В это время Шаляпину было всего 25 лет!
Передовые деятели русской культуры и искусства сразу подняли на щит юного артиста, признав его как ярчайшего новатора в области сценического реализма. Так же оценили певца и зрители, толпами рвавшиеся на шаляпинские выступления как в опере, так и в концертах.
«Ф. Шаляпин – лицо символическое; это удивительно целостный образ демократической России…» – писал А.М. Горький, ставший самым близким и дорогим для Шаляпина другом.

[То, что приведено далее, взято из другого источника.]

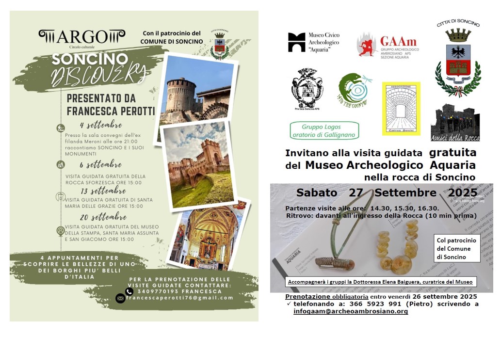 Con molto piacere segnaliamo due iniziative molto interessanti proposte da AQUARIA (sezione soncinese del gruppo archeologico milanese GAAM) e dalla rinnovata associazione ARGO di Soncino.

Столь же быстро нарастал и интерес прессы к певцу. Огромное количество статей и высказываний маститых авторов, множество интервью и различных заметок, его портреты в жизни и в ролях заполонили газеты и журналы.

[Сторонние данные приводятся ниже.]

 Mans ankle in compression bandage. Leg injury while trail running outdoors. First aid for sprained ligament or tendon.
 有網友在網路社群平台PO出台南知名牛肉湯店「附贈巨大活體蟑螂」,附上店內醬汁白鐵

Но не дремали и реакционные круги, «желтые», бульварные газетенки, частенько раздувавшие нелепые басни, всякого рода сплетни и небылицы о певце. На самом деле ряд так называемых «скандалов» Шаляпина обычно были вызваны неприятием им трактовок той или иной оперы или партии, отдельных дирижеров и исполнителей.
Возможно, подобные обстоятельства сыграли определенную роль в том, что по инициативе Горького летом 1916 года, уединившись в Форосе (Крым) и пригласив с собою стенографистку, оба друга начали работу над автобиографией Шаляпина. Просто и правдиво, без каких-либо прикрас артист вспоминал о своем бедном, даже нищем детстве, раннем увлечении искусством, первых шагах на сцене, работе в театрах, а Горький редактировал запись, может быть, не очень стройного рассказа Шаляпина, внося некоторую толику и от себя. Так родились «Страницы из моей жизни».

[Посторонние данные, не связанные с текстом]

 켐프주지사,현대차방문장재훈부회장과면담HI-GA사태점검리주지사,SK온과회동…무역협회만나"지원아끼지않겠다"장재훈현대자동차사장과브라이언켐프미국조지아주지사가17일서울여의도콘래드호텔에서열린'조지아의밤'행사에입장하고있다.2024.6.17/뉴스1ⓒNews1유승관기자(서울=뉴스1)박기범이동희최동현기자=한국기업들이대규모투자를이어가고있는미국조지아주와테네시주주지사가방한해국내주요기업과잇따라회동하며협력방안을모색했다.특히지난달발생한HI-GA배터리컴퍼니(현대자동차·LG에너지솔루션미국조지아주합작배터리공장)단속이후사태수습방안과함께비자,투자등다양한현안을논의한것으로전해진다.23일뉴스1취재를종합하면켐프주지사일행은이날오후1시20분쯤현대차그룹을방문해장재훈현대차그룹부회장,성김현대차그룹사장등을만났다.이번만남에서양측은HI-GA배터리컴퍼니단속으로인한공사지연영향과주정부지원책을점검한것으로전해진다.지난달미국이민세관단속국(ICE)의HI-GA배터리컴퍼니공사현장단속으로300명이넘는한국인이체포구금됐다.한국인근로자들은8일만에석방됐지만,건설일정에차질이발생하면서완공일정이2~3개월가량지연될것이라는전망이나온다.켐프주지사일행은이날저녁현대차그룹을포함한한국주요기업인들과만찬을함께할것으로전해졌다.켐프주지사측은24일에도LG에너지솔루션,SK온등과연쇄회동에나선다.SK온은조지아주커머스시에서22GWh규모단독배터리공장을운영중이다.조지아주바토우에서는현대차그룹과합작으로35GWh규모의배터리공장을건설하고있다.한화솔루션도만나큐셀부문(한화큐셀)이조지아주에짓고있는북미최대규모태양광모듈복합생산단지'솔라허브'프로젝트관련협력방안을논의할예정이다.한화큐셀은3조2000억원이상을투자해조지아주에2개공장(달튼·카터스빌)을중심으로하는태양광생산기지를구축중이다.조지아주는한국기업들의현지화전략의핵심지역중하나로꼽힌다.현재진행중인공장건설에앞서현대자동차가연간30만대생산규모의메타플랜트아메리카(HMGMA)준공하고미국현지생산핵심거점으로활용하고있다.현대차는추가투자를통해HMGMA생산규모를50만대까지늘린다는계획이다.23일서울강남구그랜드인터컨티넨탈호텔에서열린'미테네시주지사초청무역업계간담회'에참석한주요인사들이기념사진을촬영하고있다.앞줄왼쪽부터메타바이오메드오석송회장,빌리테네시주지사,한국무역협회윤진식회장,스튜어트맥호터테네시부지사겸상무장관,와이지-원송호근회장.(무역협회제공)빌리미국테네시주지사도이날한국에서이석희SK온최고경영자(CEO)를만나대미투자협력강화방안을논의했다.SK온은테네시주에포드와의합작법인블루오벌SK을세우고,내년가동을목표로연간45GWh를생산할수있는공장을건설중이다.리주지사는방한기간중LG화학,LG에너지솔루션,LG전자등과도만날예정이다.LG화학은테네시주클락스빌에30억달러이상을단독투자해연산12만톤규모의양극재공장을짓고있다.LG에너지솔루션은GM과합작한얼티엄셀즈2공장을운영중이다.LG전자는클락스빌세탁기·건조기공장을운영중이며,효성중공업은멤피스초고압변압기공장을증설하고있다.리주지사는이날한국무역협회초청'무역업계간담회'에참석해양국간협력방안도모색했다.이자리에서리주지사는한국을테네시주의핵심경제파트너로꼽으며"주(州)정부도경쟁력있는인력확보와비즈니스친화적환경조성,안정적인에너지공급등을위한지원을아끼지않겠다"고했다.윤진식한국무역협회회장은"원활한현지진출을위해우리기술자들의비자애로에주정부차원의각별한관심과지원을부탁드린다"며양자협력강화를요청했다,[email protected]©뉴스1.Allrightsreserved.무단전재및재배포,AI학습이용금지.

В результате уже в 1917 году в журнале «Летопись» (№ 1 – 12) была опубликована первая половина «Страниц», включая встречи Шаляпина со Стасовым.
Поначалу родилась мысль дать от имени артиста небольшое предисловие к его «Страницам», но по каким-то соображениям оно не вошло в книгу. И текст предполагавшегося предисловия спустя много лет был опубликован в начале комментария к первому тому двухтомника «Ф.И. Шаляпин» (1957 г.).
Однако ныне составитель счел уместным дать это предисловие, как и предполагалось ранее, перед «Страницами из моей жизни».
Что же касается второй части «Страниц» (завершающихся рассказом Шаляпина о своем возвращении в Россию из-за границы в связи с началом Первой мировой войны), то ее своевременному выходу в свет помешали революционные события 1917 года. Впервые эта часть была опубликована в том же двухтомнике по рукописи Горького (хранящейся в архиве писателя) *.
></emphasis >
* Полный текст рукописи имелся также и у Шаляпина.
Составитель счел также уместным приобщить к данному изданию «Страниц» завершающий текст книги, продиктованный Шаляпиным во время пребывания в Америке в середине 20-х годов и до недавних пор незнакомый нашим читателям. Данный текст (как и несколько небольших фрагментов, дотоле также нам неизвестных) взят здесь в квадратные скобки. Это дополнение вошло в «Страницы» при их публикации на английском языке в Нью-Йорке, в 1926 году. Редактором американского издания стала Катарина Райт, «юная леди», как называл ее Шаляпин, добровольно взявшая на себя секретарские обязанности при певце и из преданности ему даже выучившая русский язык. В данном издании вышеуказанные дополнения приводятся в переводе на русский язык по книге: Ф. Шаляпин. Страницы из моей жизни, Л., 1990.
 

Предисловие

   «Я считаю нужным предупредить читателя, что автобиография написана и печатается мною не в целях саморекламы, – я вполне достаточно и всюду рекламирован моею четвертьювековой работой на сценах русских и европейских театров.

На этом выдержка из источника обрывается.